Permainan. Seorang bayi pada usia ini mungkin juga menemukan permainan menyenangkan menjatuhkan sesuatu dan meminta orangtua mengambilkannya. Memungut barang yang jatuh lagi dan lagi mungkin memberikan kegembiraan besar pada seorang anak, tetapi melakukannya jauh lebih tidak menarik bagi orangtua. Tidak ada jalan untuk menyarankan seberapa sering orangtua harus menyerah pada tingkah laku yang jelas-jelas mempermainkan ini.

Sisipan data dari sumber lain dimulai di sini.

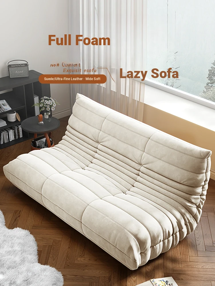 Creamy Lamb Fleece Fabric Sofa for Small Spaces - Modern Minimalist Pumpkin Lazy Sofa with Straight Design, Perfect for Cozy Living Rooms
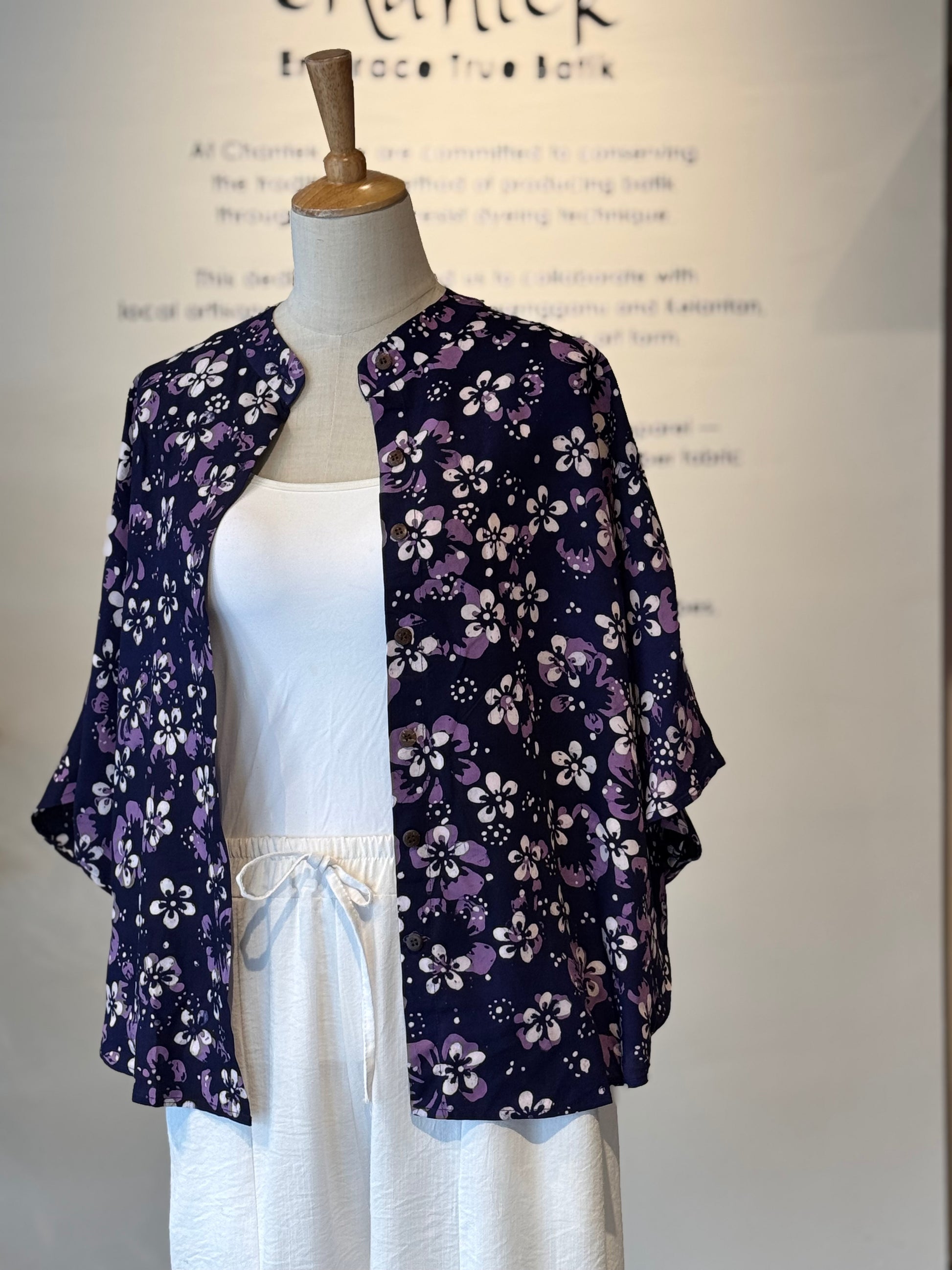 A cardigan shirt made from Kelantan handmade batik is a versatile piece that can be worn in multiple stylish ways.

Kemajuan fisik. Pada bulan ketujuh, banyak bayi telah mulai berjalan-jalan dan tidak bisa lagi ditinggalkan sendiri dengan aman. Kemampuan merangkak meningkat, walau beberapa bayi lebih suka menyeret pantat di lantai. Banyak juga yang sudah mulai menarik diri mereka ke posisi berdiri, suatu pengalaman yang mungkin mereka rasa sangat menyenangkan tetapi juga sedikit menakutkan pada mulanya, karena mereka belum tahu bagaimana menurunkan diri mereka. Jangkauan lengan dan tangan juga banyak meningkat. Bayi menggunakan setiap tangan terlepas dari lainnya, mungkin tanpa memilih tangan yang disukai. Kebanyakan bayi suka membanting mainan atau obyek lain bersama-sama, dan membandingkan perbedaan ukuran atau bentuk mereka. Bayi juga mungkin tertarik menusuk barang-barang. Semua colokan listrik yang tidak terpakai di rumah kini harus dibungkus dengan plastik.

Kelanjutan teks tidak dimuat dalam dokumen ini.